Light chain proximal tubulopathy (LCPT) is a rare type of paraprotein-related disease (PRDs) characterized by monoclonal free light chain (FLC) deposition in proximal tubular epithelial cells (PTECs). A diagnosis of LCPT requires identification of FLC deposition in PTECs; however, FLC luminescence defects in immunofluorescence staining using frozen tissue (IF-F), regarded as “masked LCPT”, are occasionally encountered. We describe two cases of focal masked LCPT in monoclonal gammopathy of undetermined significance (MGUS) or smoldering multiple myeloma (SMM) diagnosed by IF in formalin-fixed, paraffin-embedded tissue sections following pronase digestion (IF-P) rather than by IF-F. Case 1 was a 66-year-old woman who exhibited renal dysfunction with IgG-λ monoclonal proteinemia, and Case 2 was a 69-year-old man who exhibited renal dysfunction with IgG-κ type monoclonal proteinemia. In both cases, renal pathology showed focal tubular damage consisted of swelling and desquamation of PTECs.

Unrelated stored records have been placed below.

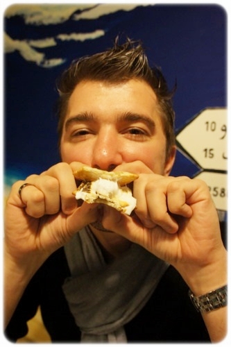 烤完的棉花糖, 可以自己沾自己喜歡的醬,加上餅乾, 就是烤棉花糖夾心餅乾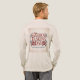 El color es muy bonito al natural, como la foto. El tejido es suave y de buena calidad. Sin defectos en el tintado, ni hilos sueltos o descosidos. Bien la impresión. Los bordes de las letras y el dibujo son nítidos, y el color contrasta muy bien con el de la camiseta.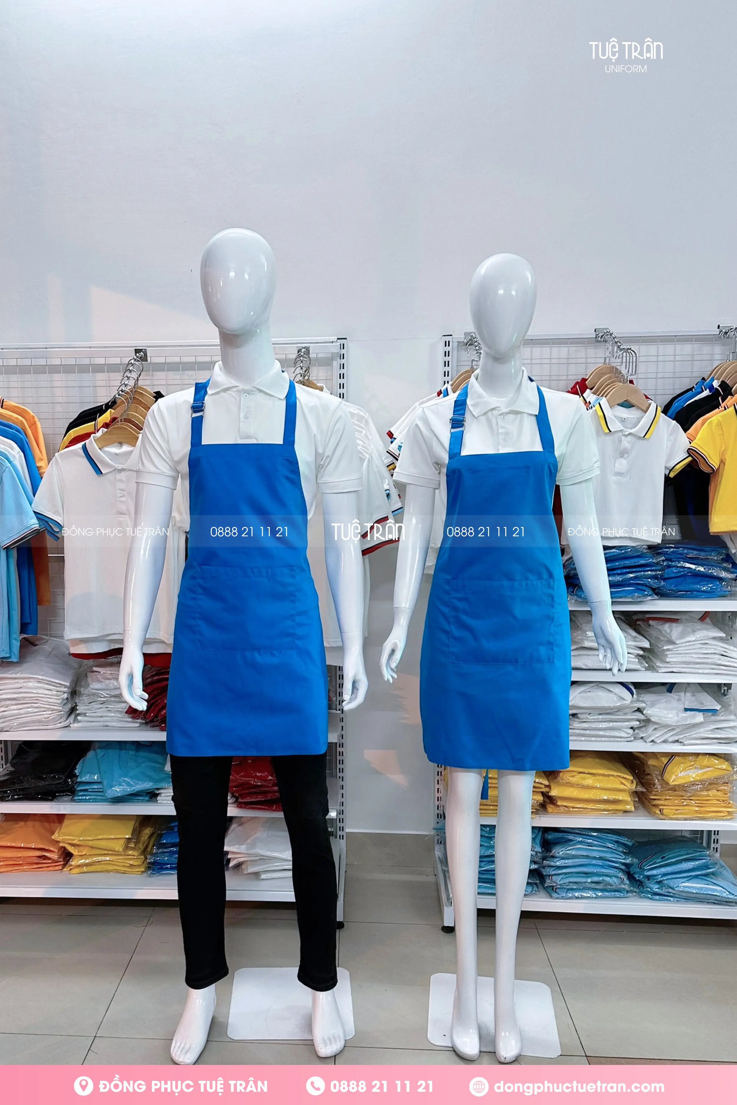 Đồng phục tạp dề yếm màu xanh ya

FLC deposition in PTECs was detectable by IF-P but not by IF-F. Consequently, an appropriate diagnosis by IF-P led the patients to receive chemotherapy immediately. These two cases indicate that LCPT can be present even if tubular injury is focal and PRD is not severe. According to a literature review of 33 cases, including our 2 cases, focal LCPT complicated by MGUS/SMM is relative rare. In PRD, evaluation with IF-P is desirable for assessing LCPT when FLC deposition is undetected by IF-F despite characteristic degenerative PTECs. We consider that early and definitive diagnosis of LCPT by IF-P rather than IF-F might result in favorite outcome since physicians could smoothly decide treatment strategy.